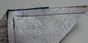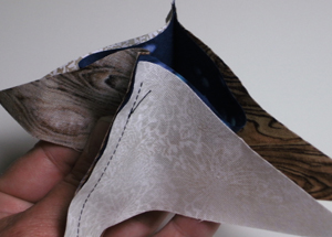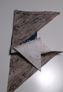 Fold the thread fabric in half , right sides out, with the fold to the right and sandwich between a wood triangle and a white triangle, right sides in, lining up the four raw edge corners. The fold of the square should be towards the center of the seam and you should stitch across it. Stitch the seam leaving the first 1/4″ open. I backstitch at the beginning of the seam. Flip the piece around and sew triangles on the other end in the same order and manner.
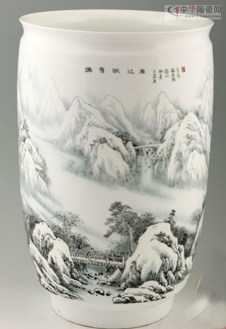圖:楊谷貽作品 瑞雪映江南陶瓷花瓶
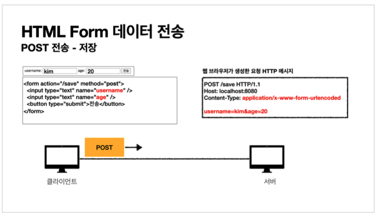 - POST HTML Form 형식으로 데이터를 전달하면 HTTP 메시지 바디에 해당 데이터를 포함해서 보내기 때문에 바디에 포함된 데이터가 어떤 형식인지 content-type을 꼭 지정해야 한다. 이렇게 폼으로 데이터를 전송하는 형식을 application/x-www-form-urlencoded 라 한다.
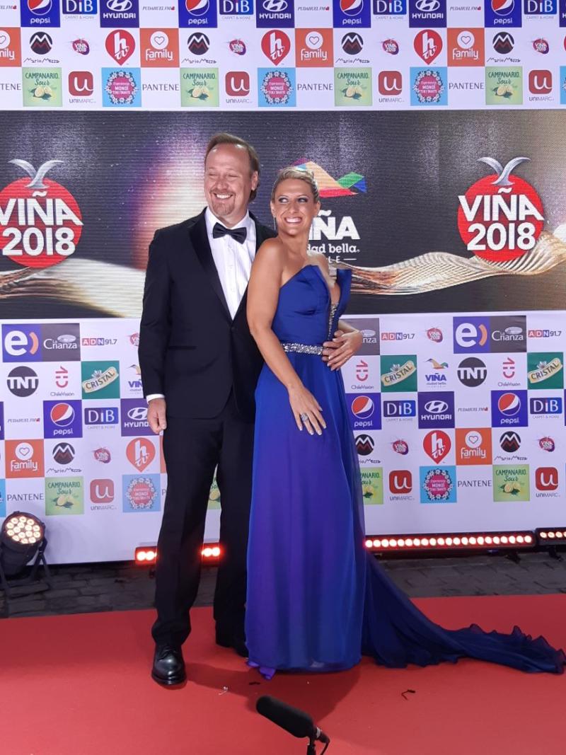Con un diseño de Heri Levi y muy bien acompañada desfiló Maca Tondreau en la alfombra roja de Viña, sin que se comentara mucho sobre su look.
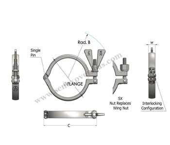 | NOMINAL CLAMP SIZE | LENGTH C (MM) | FLANGE Ø (MM) | RAD. B (MM) | WIDTH W (MM) | MASS (KG) |
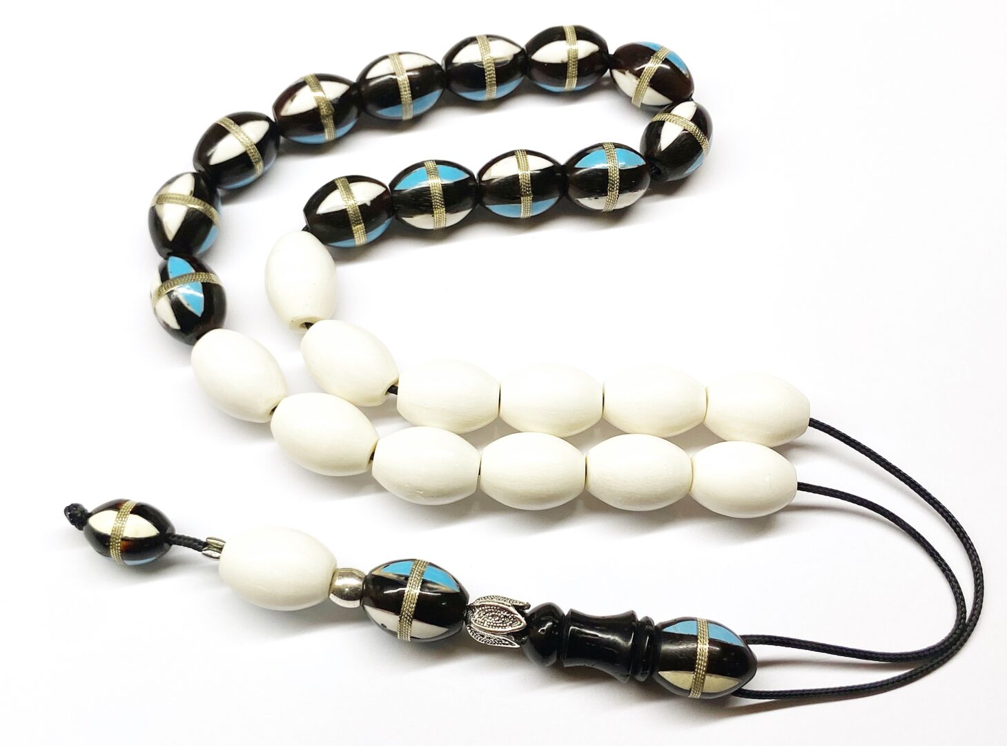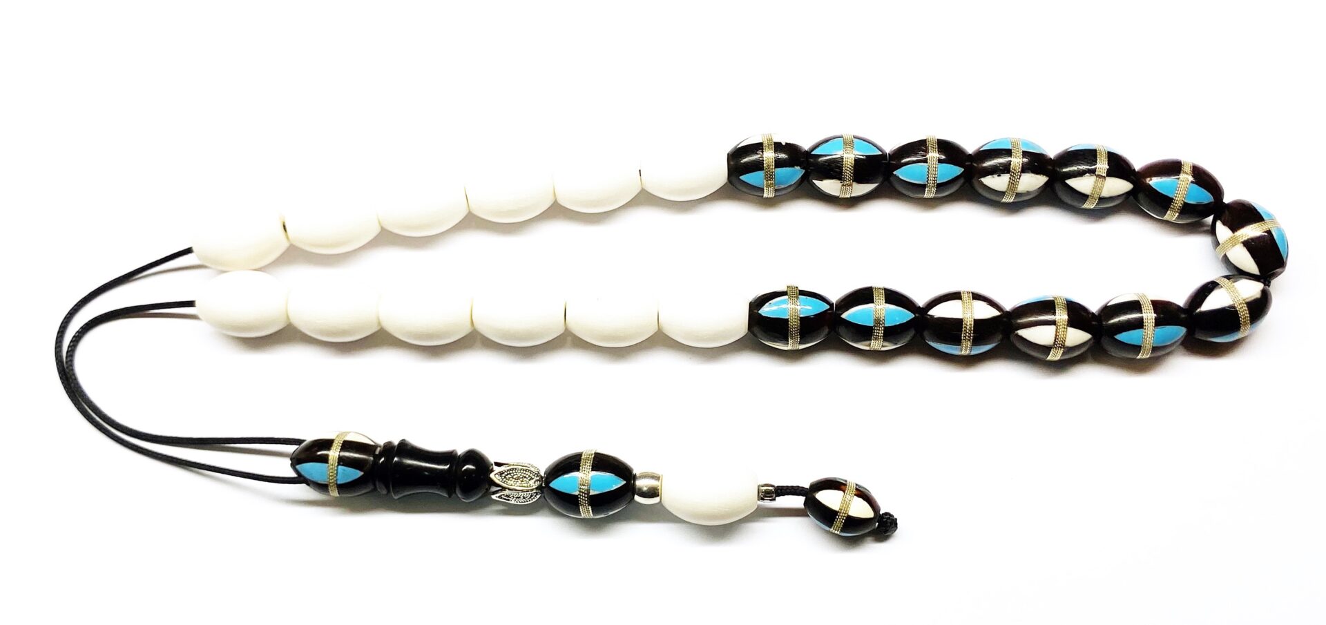 Χειροποίητο κομπολόι με 25 χάντρες από κόκκαλο καμήλας και Κούκ με ένθετα σε σχήμα ελιάς.

◆ **Work request**:
Starting with the line that holds "- POST HTML", reproduce exactly each line up to and including the last line of the material above, and drop the pictures.

◆ **Written solution**:
 - POST HTML Form 형식으로 데이터를 전달하면 HTTP 메시지 바디에 해당 데이터를 포함해서 보내기 때문에 바디에 포함된 데이터가 어떤 형식인지 content-type을 꼭 지정해야 한다. 이렇게 폼으로 데이터를 전송하는 형식을 application/x-www-form-urlencoded 라 한다.
Con un diseño de Heri Levi y muy bien acompañada desfiló Maca Tondreau en la alfombra roja de Viña, sin que se comentara mucho sobre su look.
 | NOMINAL CLAMP SIZE | LENGTH C (MM) | FLANGE Ø (MM) | RAD. B (MM) | WIDTH W (MM) | MASS (KG) |
 Χειροποίητο κομπολόι με 25 χάντρες από κόκκαλο καμήλας και Κούκ με ένθετα σε σχήμα ελιάς.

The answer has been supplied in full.